### Records provided
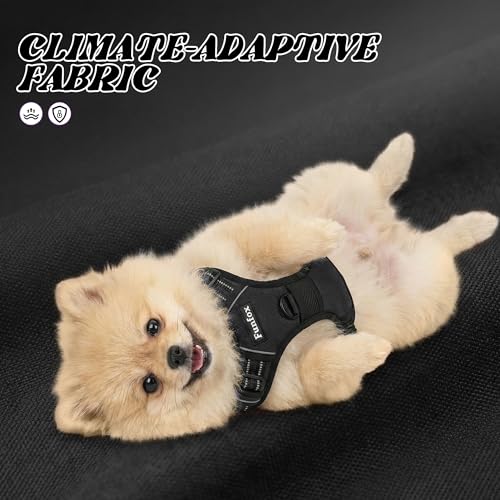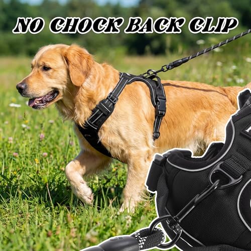 Funfox Dog Harness Medium Breed, No Pull Dog Harness Adjustable with Handle Easy Control, Durable Materials 2 Clips Harnais Pour Chien Reflective Strips Pet Vest for Night Walking Black M
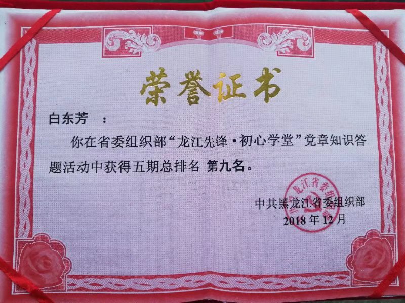 11月23日,省委组织部依托“龙江先锋”微信公众号开展的党章知识答题活动结束。【官网】区经济系16级2班学生、预备党员白东芳在全省参赛的74.25万人中脱颖而出,总成绩排名第9,最终获得黑龙江省“十佳选手”荣誉称号。
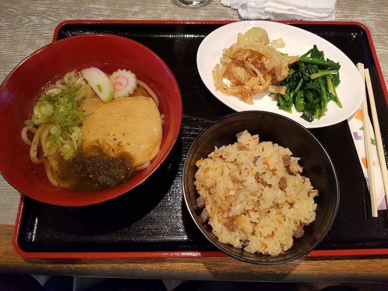 Tuesday was my first time ever having real Japanese Udon — I made my own Udon a few time but never had any in a restaurant. It was served in a pretty simple broth with green onion, a thin slice of sweet fried tofu, a narutomaki piece — and no it’s not a Maki done in reference to the Manga Naruto but a sort of fish cake — and some shredded Kombu seaweed. very lovely. With the Udon dish was a dish of fried rice with soy sauce, carrots, konjaku, shimeji mushrooms and a few pieces of chicken and of fried tofu. I reaaaaaaally loved it so will try to do it at home and share the recipe with you. Finally there were some deep-fried onions and blanched veggies — some bok choy I guess. And as always some pickled veggies, that tasted awesome with the deep-fried onions.
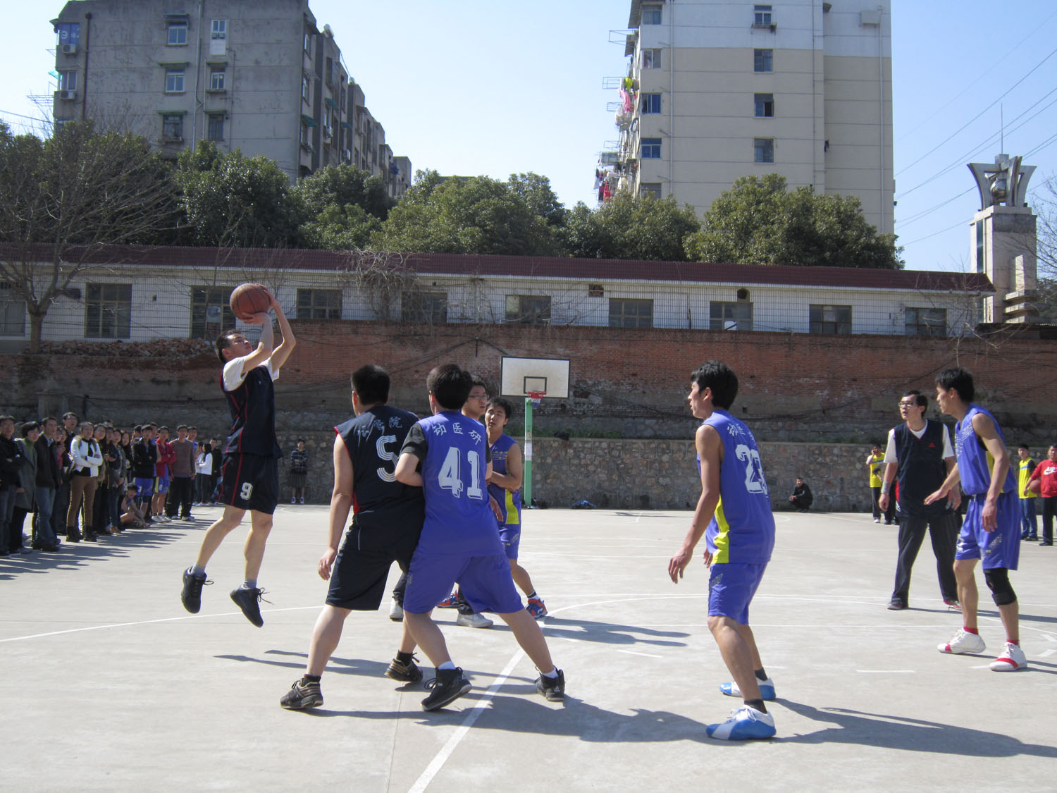 作为bwi437官网神农节系列活动中的重头戏,“神农杯”研究生男子篮球赛今日下午1:00在北苑篮球场拉开帷幕。我院与动医院之间的对决,被选定为本次“神农杯”篮球赛的首场好戏,为广大研究生同学呈现一场惊险刺激的表演。我院蔡老师非常关心这次比赛,亲自到场督战,为队员们呐喊助威,给了队员们很大的鼓舞。
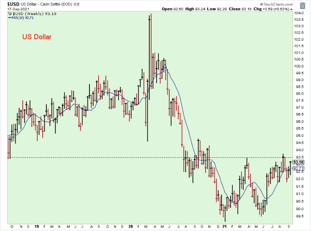 I'm watching the US dollar carefully. I think of a strong US dollar as being very helpful to US stock prices. On the other hand, a weak dollar tells me to consider purchasing emerging market and commodity-related stocks. At the moment, the weekly chart pattern looks like it really wants to break out into a new uptrend.
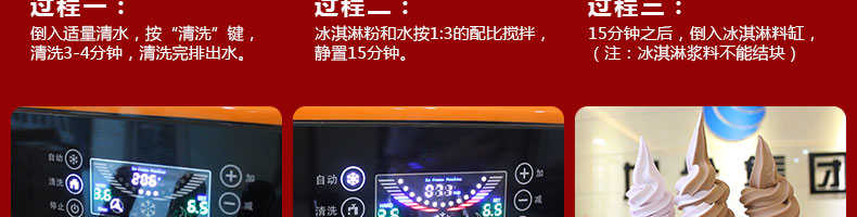 BQL-828立式冰淇淋機(jī),1.選用國際牌壓縮機(jī),輔以旭眾精湛工藝,大大縮短冰淇淋成型時間,高效節(jié)能;2.全新液晶智能觸控面板,簡單明了,多功能易操作;3.全新升級專業(yè)膨化泵,膨化率高,產(chǎn)量增加30%;4.一鍵清洗功能,省時方便;5.主要部件采用不銹鋼材質(zhì),時尚美觀,持久耐用;6.先進(jìn)的機(jī)械攪拌系統(tǒng),機(jī)器運(yùn)行穩(wěn)定可靠,低噪音,產(chǎn)品口感爽滑細(xì)嫩。
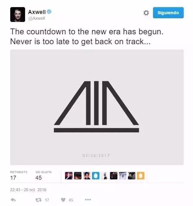 就在前天,大量西方媒体开始大传其中成员之一Axwell在推特上公布“新时代开始倒计时,回归从来不会太晚”并配图2017年3月26日代表回归时间。这则消息很快在全世界的电音爱好者之间传开,曾经的铁粉纷纷按耐不住开始欣喜诺狂。即使是萌新,喜欢Progressive House/Electro House的电音爱好者也会开心得睡不着。
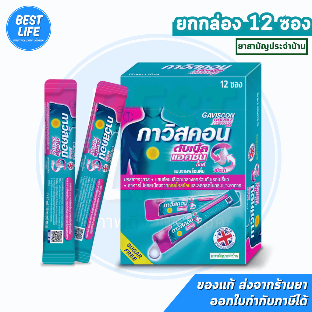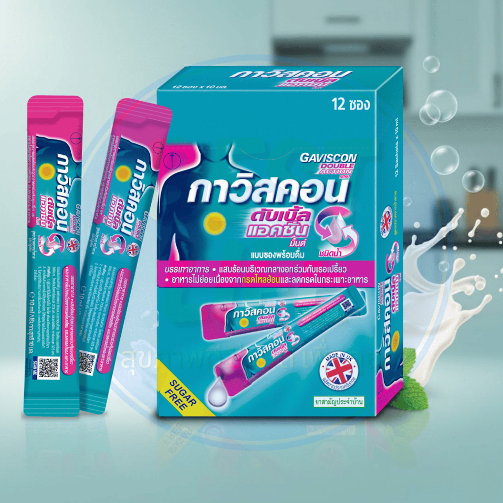 [ยกกล่อง 12 ซอง] Gaviscon Double Action Mint Flavour 10ml. กาวิสคอน รสมินต์

### Problem requirements
Would you print the whole listing exactly, omitting the pictures?

### Solved problem
 Funfox Dog Harness Medium Breed, No Pull Dog Harness Adjustable with Handle Easy Control, Durable Materials 2 Clips Harnais Pour Chien Reflective Strips Pet Vest for Night Walking Black M
 11月23日,省委组织部依托“龙江先锋”微信公众号开展的党章知识答题活动结束。【官网】区经济系16级2班学生、预备党员白东芳在全省参赛的74.25万人中脱颖而出,总成绩排名第9,最终获得黑龙江省“十佳选手”荣誉称号。
 Tuesday was my first time ever having real Japanese Udon — I made my own Udon a few time but never had any in a restaurant. It was served in a pretty simple broth with green onion, a thin slice of sweet fried tofu, a narutomaki piece — and no it’s not a Maki done in reference to the Manga Naruto but a sort of fish cake — and some shredded Kombu seaweed. very lovely. With the Udon dish was a dish of fried rice with soy sauce, carrots, konjaku, shimeji mushrooms and a few pieces of chicken and of fried tofu. I reaaaaaaally loved it so will try to do it at home and share the recipe with you. Finally there were some deep-fried onions and blanched veggies — some bok choy I guess. And as always some pickled veggies, that tasted awesome with the deep-fried onions.
 作为bwi437官网神农节系列活动中的重头戏,“神农杯”研究生男子篮球赛今日下午1:00在北苑篮球场拉开帷幕。我院与动医院之间的对决,被选定为本次“神农杯”篮球赛的首场好戏,为广大研究生同学呈现一场惊险刺激的表演。我院蔡老师非常关心这次比赛,亲自到场督战,为队员们呐喊助威,给了队员们很大的鼓舞。
 I'm watching the US dollar carefully. I think of a strong US dollar as being very helpful to US stock prices. On the other hand, a weak dollar tells me to consider purchasing emerging market and commodity-related stocks. At the moment, the weekly chart pattern looks like it really wants to break out into a new uptrend.
 BQL-828立式冰淇淋機(jī),1.選用國際牌壓縮機(jī),輔以旭眾精湛工藝,大大縮短冰淇淋成型時間,高效節(jié)能;2.全新液晶智能觸控面板,簡單明了,多功能易操作;3.全新升級專業(yè)膨化泵,膨化率高,產(chǎn)量增加30%;4.一鍵清洗功能,省時方便;5.主要部件采用不銹鋼材質(zhì),時尚美觀,持久耐用;6.先進(jìn)的機(jī)械攪拌系統(tǒng),機(jī)器運(yùn)行穩(wěn)定可靠,低噪音,產(chǎn)品口感爽滑細(xì)嫩。
 就在前天,大量西方媒体开始大传其中成员之一Axwell在推特上公布“新时代开始倒计时,回归从来不会太晚”并配图2017年3月26日代表回归时间。这则消息很快在全世界的电音爱好者之间传开,曾经的铁粉纷纷按耐不住开始欣喜诺狂。即使是萌新,喜欢Progressive House/Electro House的电音爱好者也会开心得睡不着。
 [ยกกล่อง 12 ซอง] Gaviscon Double Action Mint Flavour 10ml. กาวิสคอน รสมินต์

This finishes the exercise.